Española Island

Our finale to this fabulous week of exploration in the magical islands of Galápagos was no less fabulous than each one of the other seven days has been. In fact, several of our elated guests said, as they returned to the ship in the late afternoon: “you saved the best for last!”

Española Island is the southeastern most and the oldest in the archipelago. It is isolated by the ocean currents and distance and hence harbors several species of birds, plants and animals that are found no where else in the islands - or in the world! It is a small, fairly flat and rocky island and is the center piece of the success story of tortoise restoration and repatriation by the efforts of the National Park and Darwin Station. From a tiny total population of 15 adult tortoises on the brink of extinction, they have been bred in captivity and there are now almost 3000 wild tortoises freely roaming the island and breeding as they have for millennium.

We began our day bright and early; a group of kayakers took to the water in the yellow boats and paddled along the islet of Gardner. They were escorted by frisky sea lions and admired the soaring sea birds and were predictably quite hungry by the time they joined the rest of us at breakfast.

We slipped into our wetsuits and boarded the Zodiacs and returned to Gardner to snorkel with schools of fish (the juvenile king angels were particularly colorful!) and several very playful, graceful and curious sea lions. Later, on the mile long brilliant white sand beach we took yet more photos of sea lions and enjoyed strolling, swimming or just relaxing. This has got to be one of the most beautiful beaches in the world and we were delighted to be sharing it with a couple hundred Pinnipeds rather than other Homo sapiens!

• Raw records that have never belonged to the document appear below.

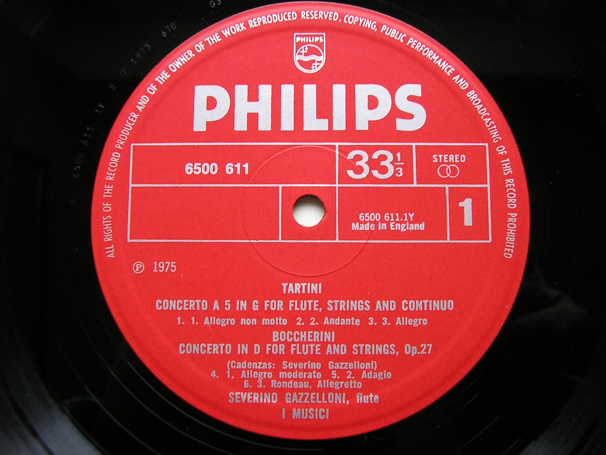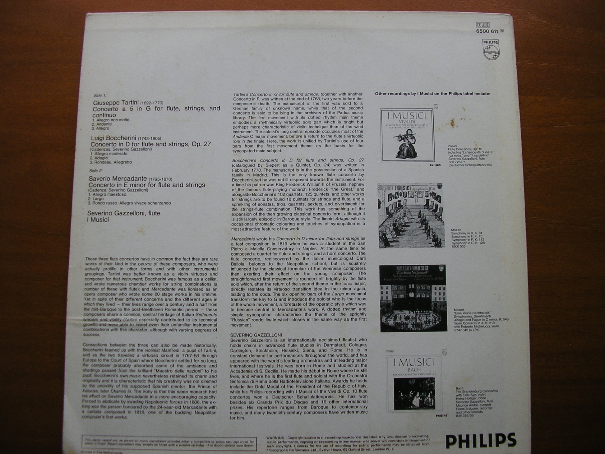 6500 611  FLUTE CONCERTOS: BOCCHERINI / TARTINI / MERCADANTE      SEVERINO GAZZELLONI / I  MUSICI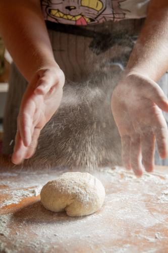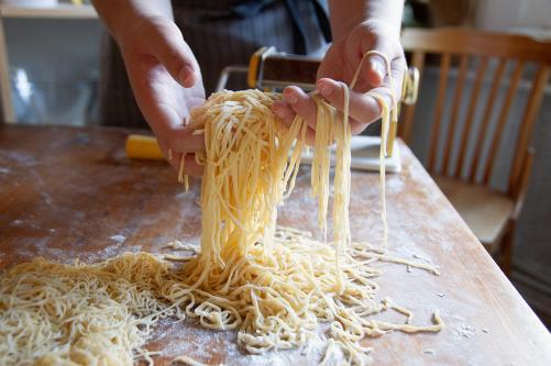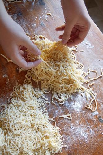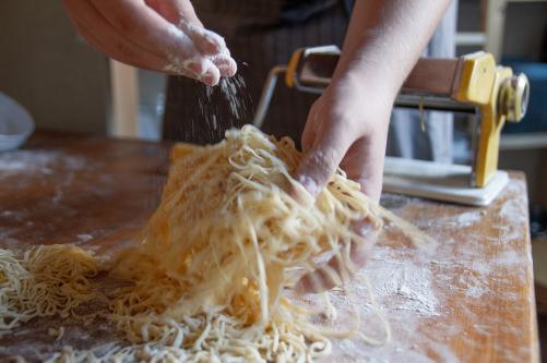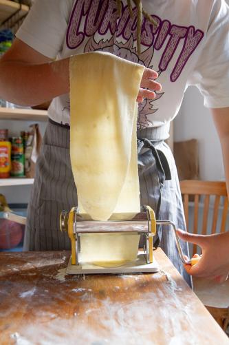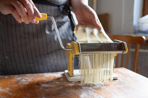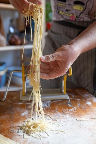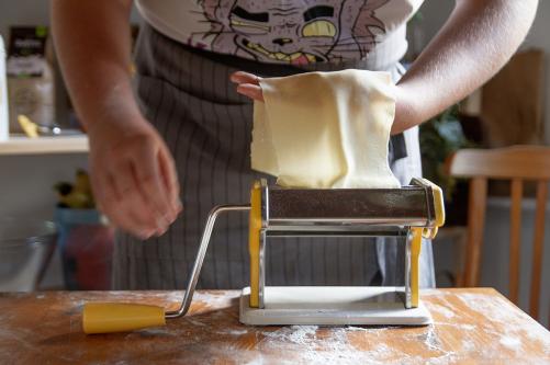 2. Darba virsmu pārkaisa ar miltiem, pastas mašīnu iesmērē ar eļļu. Mīklu vispirms izrullē cik plānu vēlas, tad sagriež to vēlamas formas. Jau gatavu pastu apvārta miltos un ļauj "atpūsties".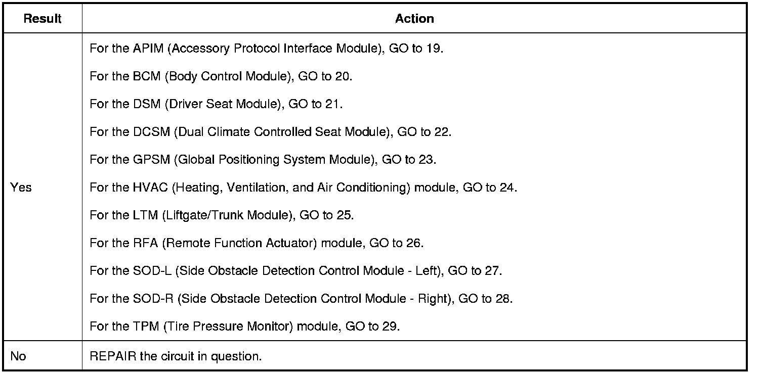15. CHECK FOR RESTORED NETWORK COMMUNICATION WITH THE SOD-L (Side Obstacle Detection Control Module - Left), SOD-R (Side Obstacle Detection Control Module - Right), HVAC (Heating, Ventilation, and Air Conditioning) MODULE, DCSM (Dual Climate Controlled Seat Module), AND THE LTM (Liftgate/Trunk Module) DISABLED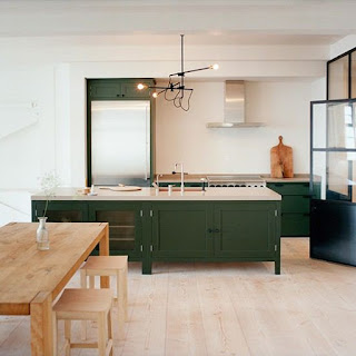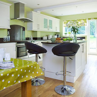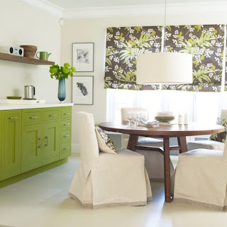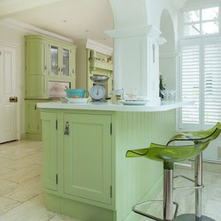 Hoặc như tủ bếp xanh lá cây tươi đi kèm với ghế tựa và sơn tường màu be nền nã.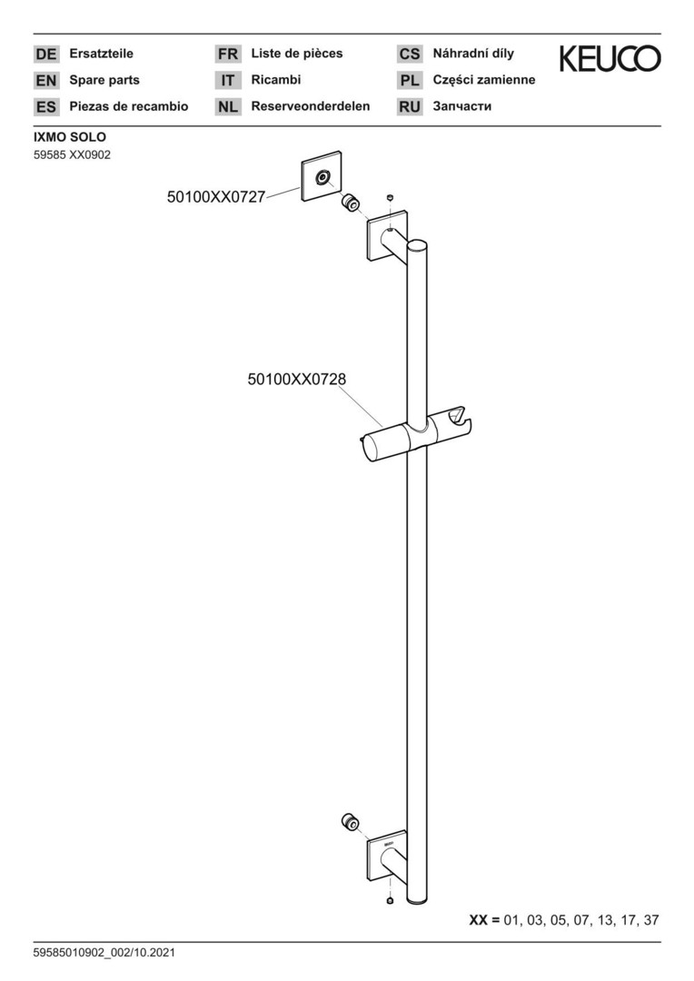 KEUCO Brausestange IXMO verchromt, Höhe 855mm, Rosetten eckig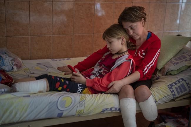 Natasha Stepanenko, 43, sits on her bed with her daughter Yana, 11, at a public hospital in Lviv, Ukraine, Saturday, May 15, 2022. On April 8, a missile struck the train station in the eastern city of Kramatorsk where Natasha, Yana and her twin brother Yarik were planning to catch an evacuation train heading west and, they hoped, to safety. Yana lost two legs, one just above the ankle, the other higher up her shin. Natasha lost her left leg below the knee. (AP Photo/Emilio Morenatti)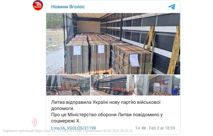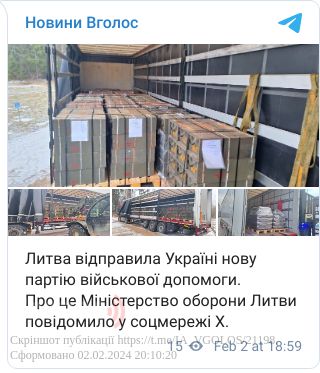 Литва відправила Україні нову партію військової допомоги.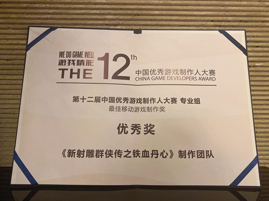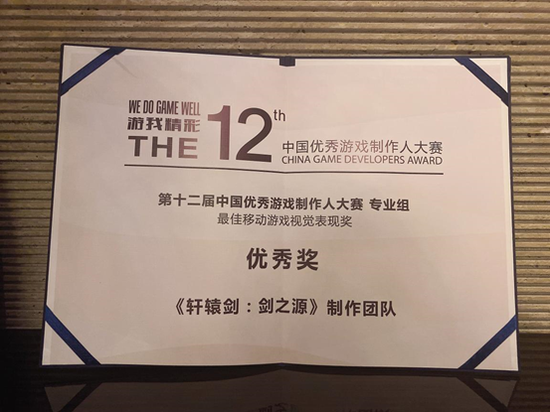 12月9日,第十二届CGDA优秀游戏制作人大赛颁奖典礼在北京隆重举行。全球化IP游戏运营商中手游表现出色,参加角逐的《新射雕群侠传之铁血丹心》制作团队和《轩辕剑:剑之源》制作团队,分获“最佳移动游戏制作奖”和“最佳移动游戏视觉表现奖”。
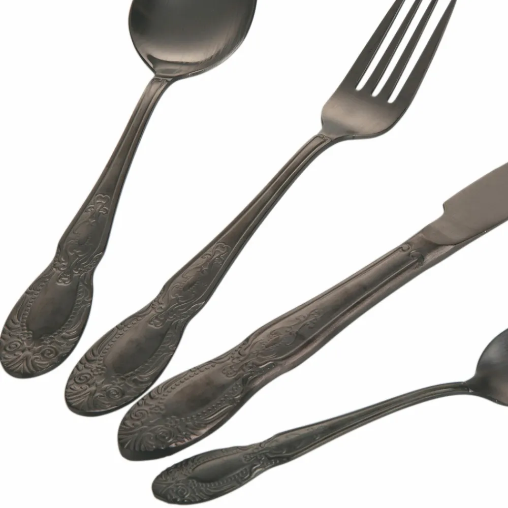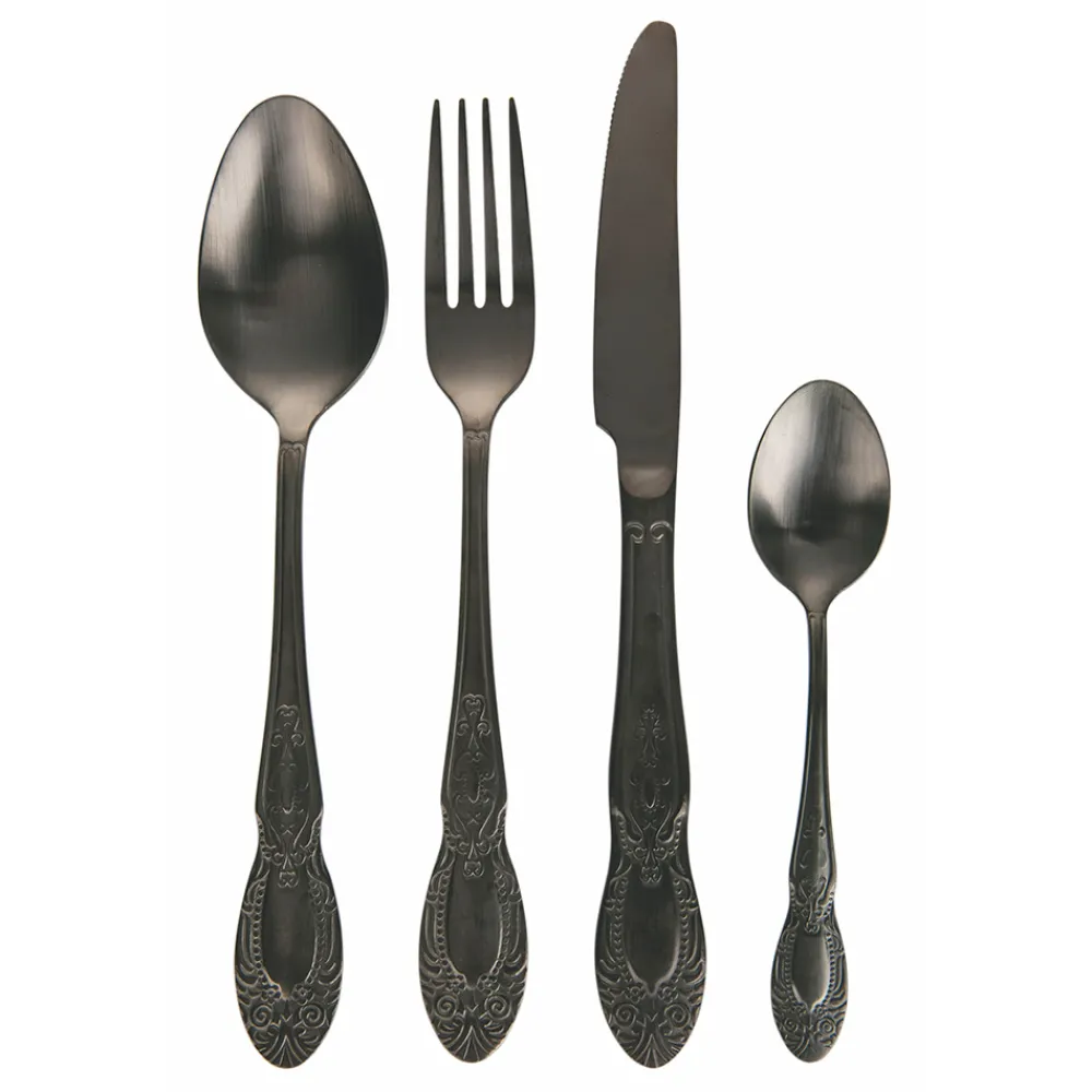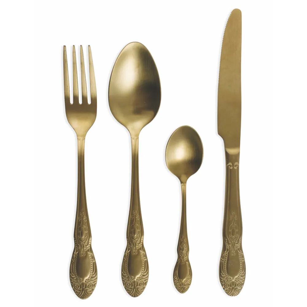 Komplettes Besteckset in satiniertem Gold oder schwarzem Design 24 teilig.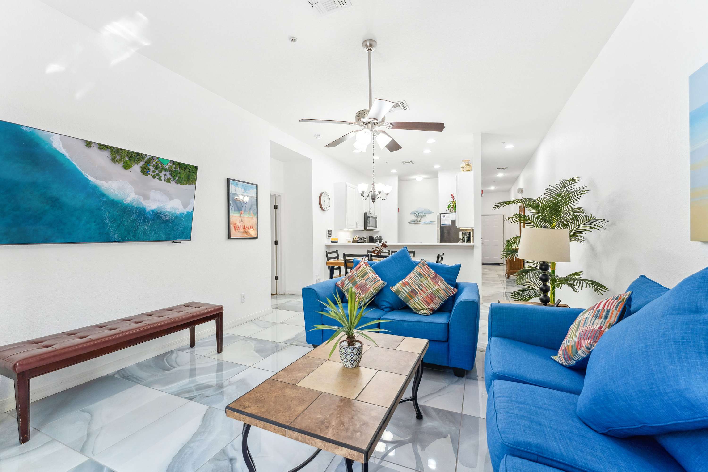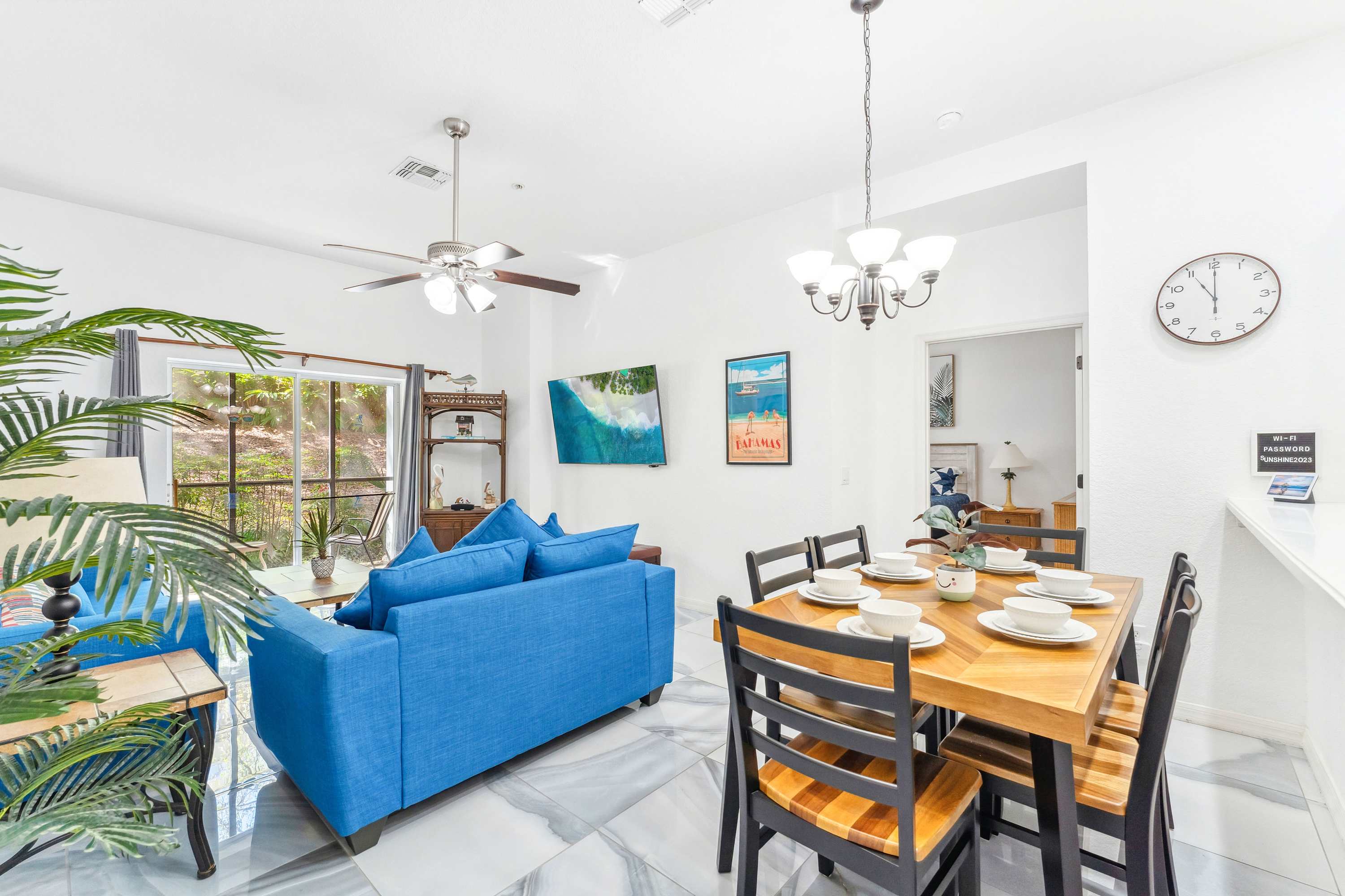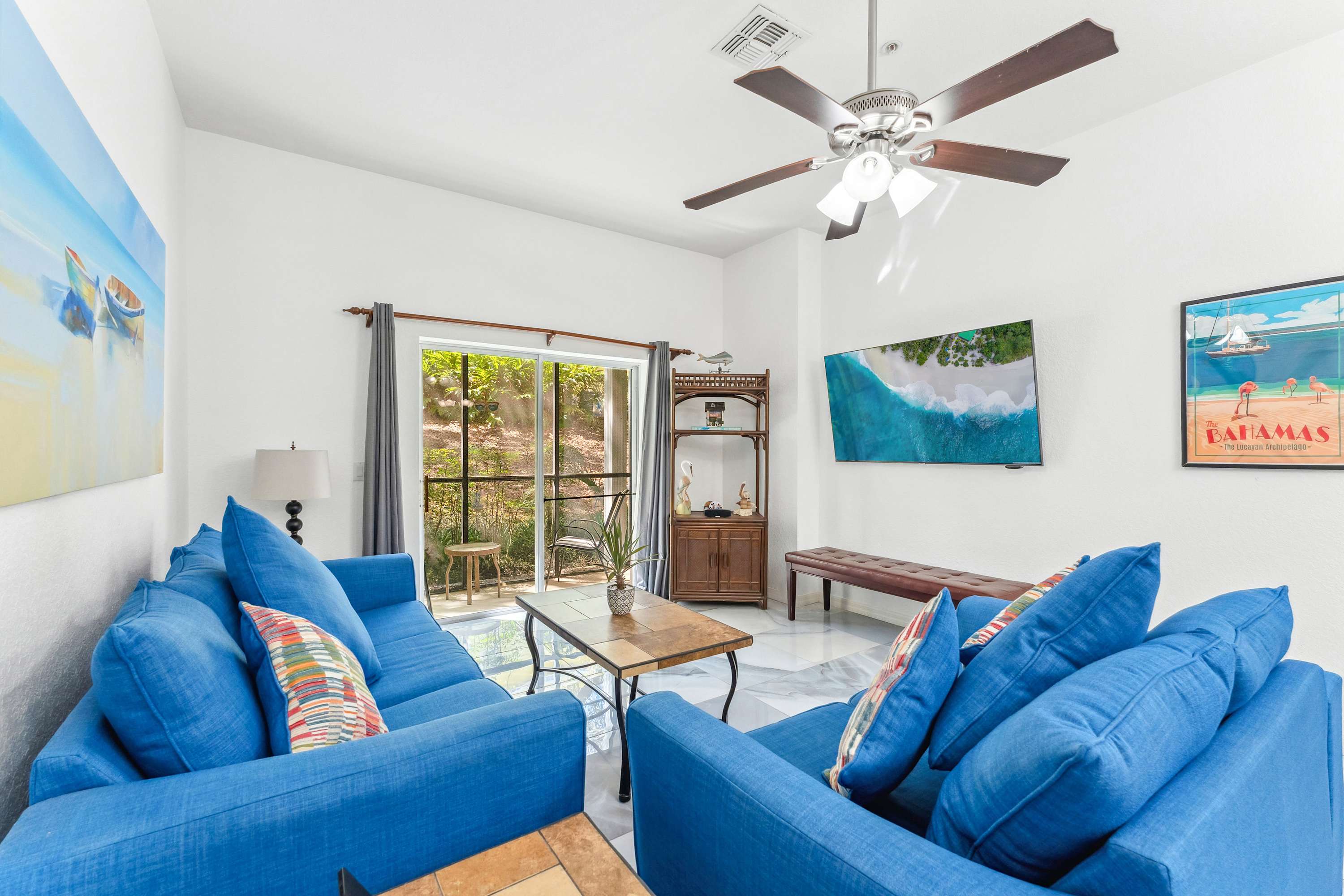 Just past the kitchen, the inviting living room offers a plush loveseat and sofa, centered around a smart TV ideal for movie nights or catching up on your favorite shows. Step out onto the screened-in patio though the sliding glass doors, where a cozy table for two invites you to sip coffee or cocktails while soaking in the resort’s Caribbean-inspired views. This peaceful outdoor space is perfect for starting your day with a gentle breeze or winding down with a sunset toast. For added fun, Serene Stay at Bahama Bay also offers a selection of board games—ideal for family game nights or rainy-day entertainment. With its blend of relaxing resort amenities, inviting home comforts, and prime location near Florida’s top attractions, this Bahama Bay Resort retreat offers the ultimate vacation experience.

The afternoon’s walk along a rough boulder trail was absolutely spectacular. We hiked among the ubiquitous sea lions and reddish iguanas, then through nesting blue foot and Nazca boobies and to the cliff edge where we admired a blow hole that blasted spray high into the cool afternoon sky. We sat on the cliff and watched sea birds soaring above us and elegant waved albatross courting in the drying grasses, and we were grateful for having been privileged to witness nature at her most innocent.

May the wildlife of Galápagos remain ever fearless and jealously protected, so that generations to come can enjoy them as we have!